# Exercise aim:
Below this line is a set of entries; quote exactly the lines from the line that contains "Funda de Cuero" to the line that contains "ПИСТОЛЕТ-РЕЗИНКОСТРЕЛ БЕРЕТТА С ГЛУШИТЕЛЕМ", both lines included.

(Beginning of Entries shown)

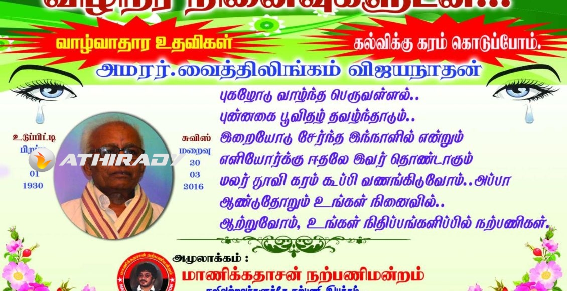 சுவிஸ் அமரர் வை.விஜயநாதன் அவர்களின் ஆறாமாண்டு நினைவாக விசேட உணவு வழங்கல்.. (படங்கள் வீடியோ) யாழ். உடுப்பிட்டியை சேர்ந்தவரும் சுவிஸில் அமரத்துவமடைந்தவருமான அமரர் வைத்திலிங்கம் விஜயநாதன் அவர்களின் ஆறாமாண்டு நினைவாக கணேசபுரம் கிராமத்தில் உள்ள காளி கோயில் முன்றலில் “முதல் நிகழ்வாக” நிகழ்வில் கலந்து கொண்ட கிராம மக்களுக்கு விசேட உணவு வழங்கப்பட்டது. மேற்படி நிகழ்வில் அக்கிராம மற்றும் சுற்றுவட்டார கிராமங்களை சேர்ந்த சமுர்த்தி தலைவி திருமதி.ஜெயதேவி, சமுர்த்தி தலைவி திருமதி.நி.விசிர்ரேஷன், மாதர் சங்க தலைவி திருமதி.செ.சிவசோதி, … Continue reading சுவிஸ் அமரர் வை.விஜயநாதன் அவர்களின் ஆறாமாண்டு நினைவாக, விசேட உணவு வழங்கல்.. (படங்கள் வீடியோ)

(End of Entries shown)
(Beginning of Entries shown)

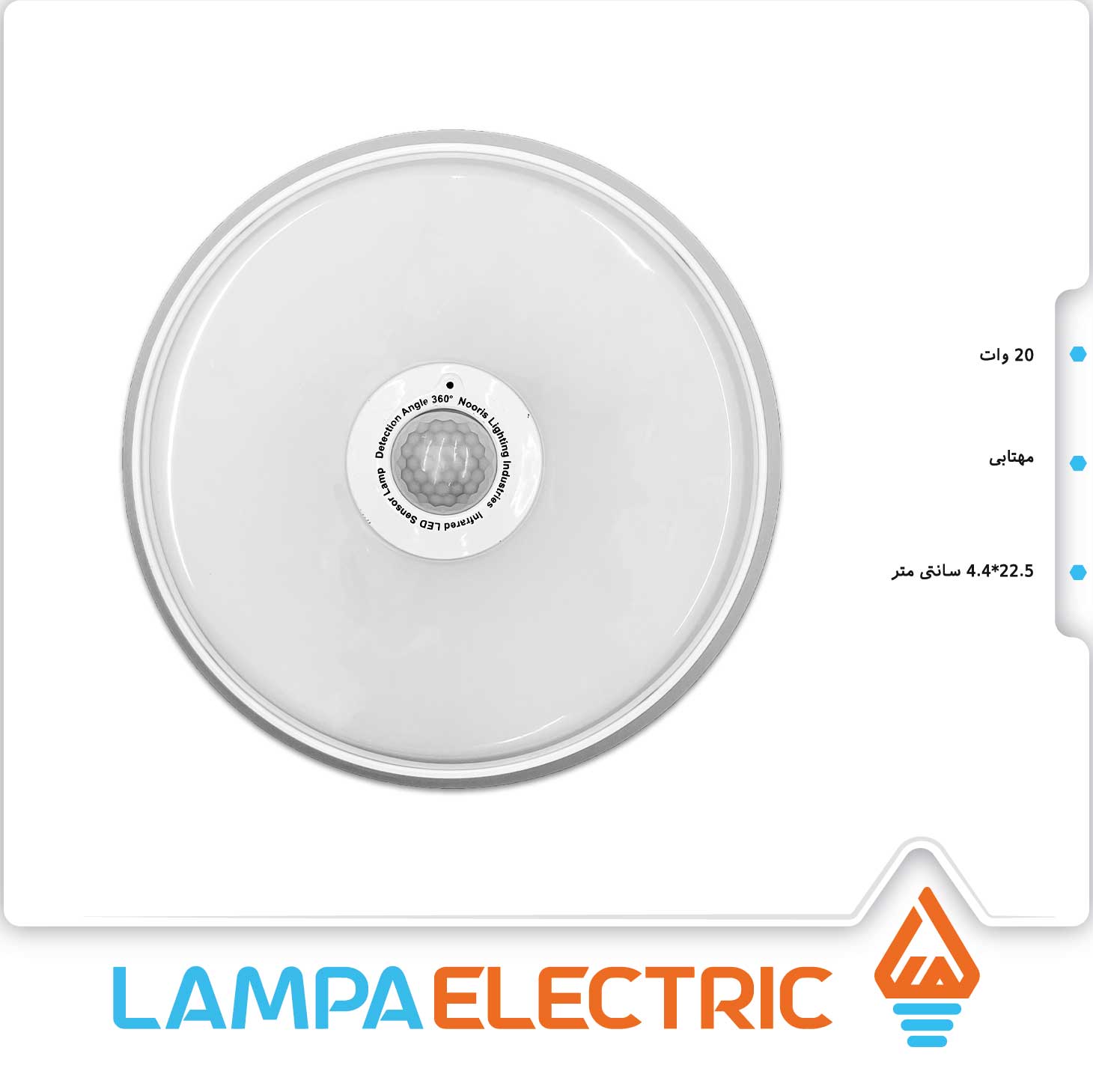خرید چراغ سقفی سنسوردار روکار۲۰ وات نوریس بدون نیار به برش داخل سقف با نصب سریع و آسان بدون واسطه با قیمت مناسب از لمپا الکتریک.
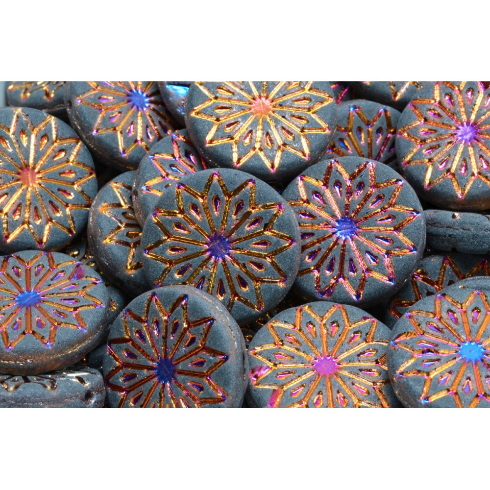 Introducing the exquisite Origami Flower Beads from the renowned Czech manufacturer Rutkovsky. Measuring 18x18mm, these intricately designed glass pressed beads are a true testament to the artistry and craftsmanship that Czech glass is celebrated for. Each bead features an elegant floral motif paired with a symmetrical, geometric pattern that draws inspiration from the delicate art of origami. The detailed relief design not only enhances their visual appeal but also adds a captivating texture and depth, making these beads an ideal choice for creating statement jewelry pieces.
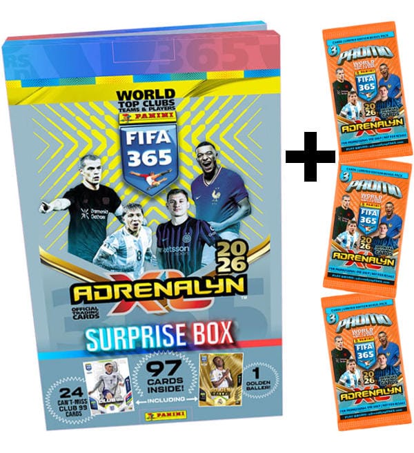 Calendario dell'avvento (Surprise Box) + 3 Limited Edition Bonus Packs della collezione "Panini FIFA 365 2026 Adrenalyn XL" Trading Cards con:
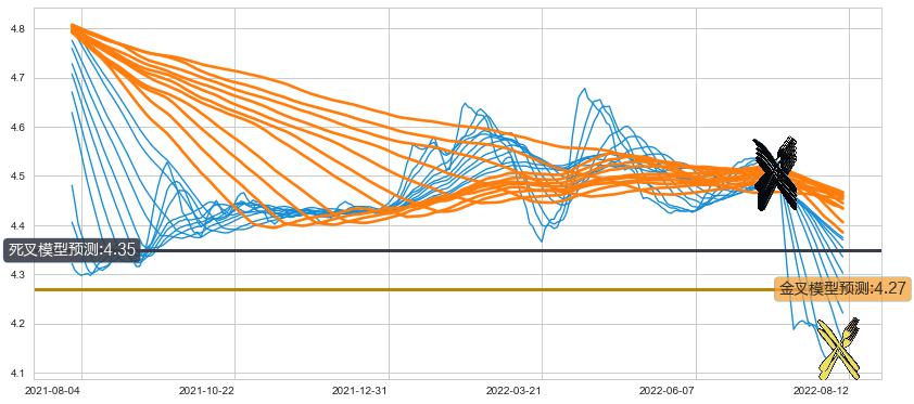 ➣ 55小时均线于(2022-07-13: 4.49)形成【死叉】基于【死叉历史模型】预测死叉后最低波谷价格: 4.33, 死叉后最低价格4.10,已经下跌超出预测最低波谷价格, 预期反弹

(End of Entries shown)
(Beginning of Entries shown)

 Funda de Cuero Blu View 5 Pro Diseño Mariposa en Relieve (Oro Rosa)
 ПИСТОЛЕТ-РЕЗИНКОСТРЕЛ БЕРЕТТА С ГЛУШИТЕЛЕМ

(End of Entries shown)

# Task output:
 Funda de Cuero Blu View 5 Pro Diseño Mariposa en Relieve (Oro Rosa)
 ПИСТОЛЕТ-РЕЗИНКОСТРЕЛ БЕРЕТТА С ГЛУШИТЕЛЕМ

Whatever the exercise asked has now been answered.